Prepare the vegetables: Grate the carrot, zucchini, and mushrooms. Finely dice the onion, you can choose to grate the onion if you prefer.
In a large pan heat the olive oil. Sauté the onion, grated carrot, and zucchini until softened and starting to go golden.
Add the tomato paste, sauté for 2-3 minutes this helps deepen the flavour.
Add the mince and the mushrooms, cook until the beef mince is browned.
Add the tinned tomatoes, dried herbs and spinach. If your kids are a little weary of green specks in their food please check out the tip section in this post as I have a great hack for that
Simmer for 25-30 mins until everything is well cooked, the sauce has thickened and flavourful. While the spag bol is simmering cook your chosen pasta as per the packet directions.
Serve with cooked pasta.
Notes
It can be tempting to just add all the veggies at the same time as the tinned tomatoes. The spaghetti bolognese will taste so much better if you add them in the order I've described and sauté them.
Take the time to cook off the tomato paste for a couple of minutes, it really does improve the flavour (it gets rid of the very acidic flavour tomato paste can add to a dish and instead gives richness to the spag bol sauce)
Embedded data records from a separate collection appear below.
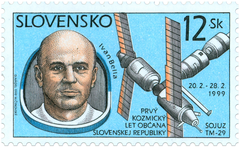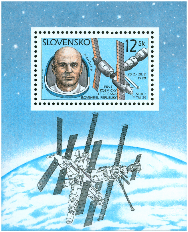 Ministerstvo dopravy, pôšt a telekomunikácií SR vydalo dňa 15. 6. 1999 príležitostnú poštovú známku "Prvý kozmický let občana SR" v hárčekovej úprave s nominálnou hodnotou 12 Sk. Na známke je portrét slovenského kozmonauta Ivana Bellu a časť orbitálnej stanice MIR, na hárčeku je kresba stanice MIR. Autorom výtvarných návrhov emisie je akad. maliar Dušan Nágel. Rytinu známky vytvoril akad. maliar Martin Činovský, rytinu hárčeka vytvoril František Horniak . Viacfarebný hárček rozmerov 70 x 85 mm (na výšku) so známkou o rozmeroch obrazovej časti 40 x 23 mm (na šírku) umiestnenú v hornej časti hárčeka vytlačila Poštovní tiskárna cenin Praha, a.s., technikou...
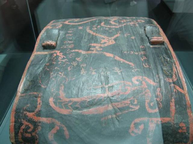 彩绘二十八宿图衣箱由盖、器身组成,器身为长方体,盖顶拱起。器内髹红漆,器表髹黑漆,并用红漆书写二十八宿名称等文字及其它花纹。盖面正中朱书一篆文的大“斗”字。这件衣箱是我国迄今发现记有二十八宿全部名称、并以之与北斗和四象相配的最早的天文实物资料,说明我国至少在战国早期就已形成二十八宿体系。
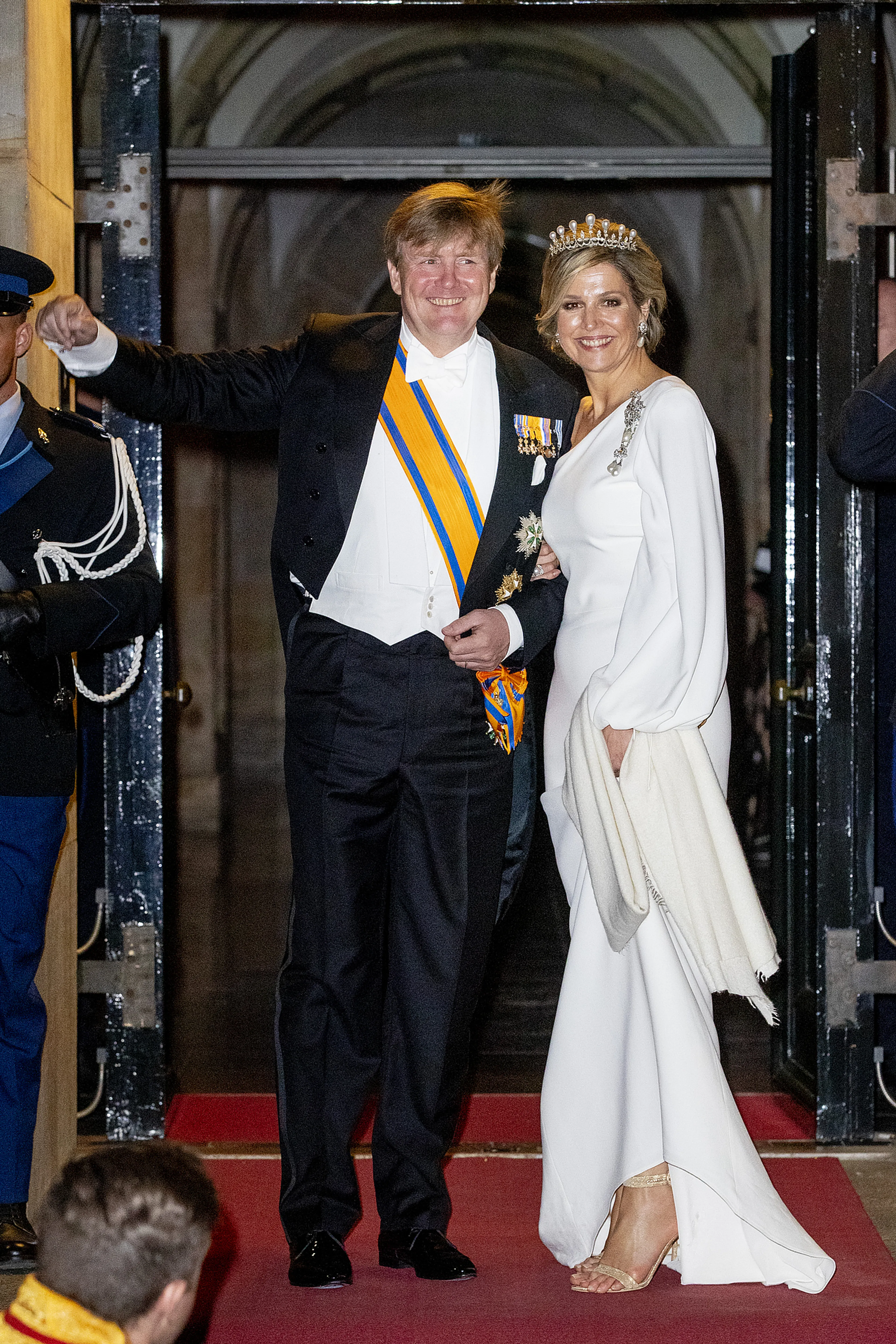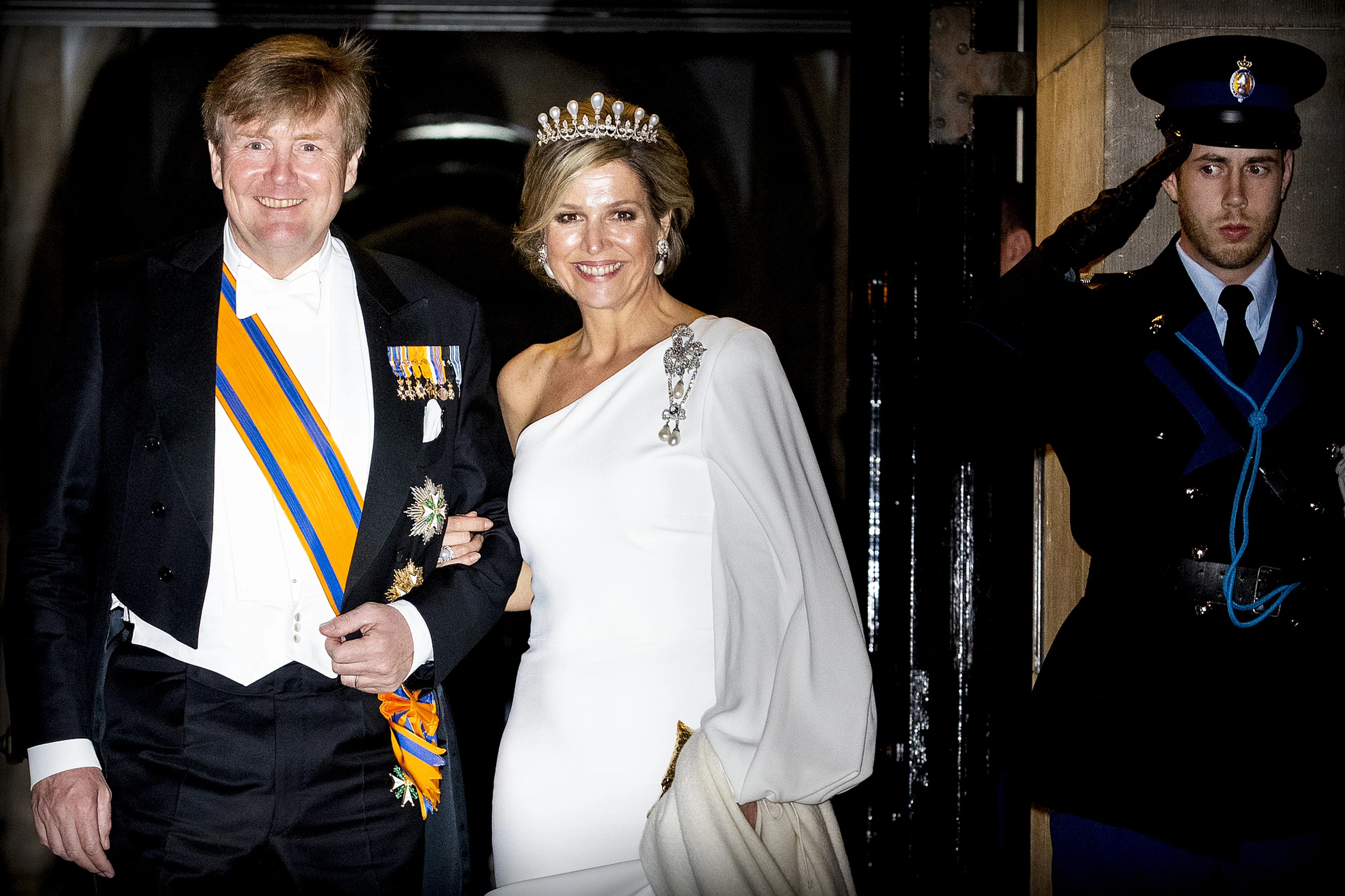 Koning Willem-Alexander en koningin Máxima hebben dinsdagavond het corps diplomatique ontvangen op het Koninklijk Paleis in Amsterdam. Behalve het koningspaar schoven ook prinses Beatrix en prinses Margriet aan bij het jaarlijkse galadiner. Máxima droeg niet één, maar twee outfits op deze bijzondere avond.
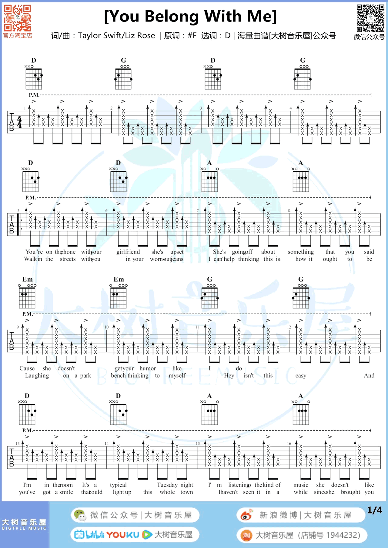 《You Belong With Me》吉他谱,Taylor Swift的一首英文歌曲,You Belong With Me吉他六线谱,选用D调指法编配,完整编配共四张图片谱。感谢大树音乐屋出品,易唱网上传整理分享。每个人的青春里,都有一首Taylor Swift~整首歌曲用到的和弦不多,一共只有四个,演奏中用到了闷音技巧,喜欢霉霉(泰勒·斯威夫特)的琴友们可以跟随橙子老师的教学讲解视频练习起来。

I used diced tomatoes but tomato purée or passata adds the same veggie content but will give a smoother sauce.
If your kids are weary of green things in their sauce then my tip is to make a quick smoothie. Yes, blend the tinned tomatoes and the spinach in a blender before adding them to the browned mince and mushrooms.
This spaghetti bolognese sauce can be stirred in the fridge for 3 days or frozen for up to 3 months.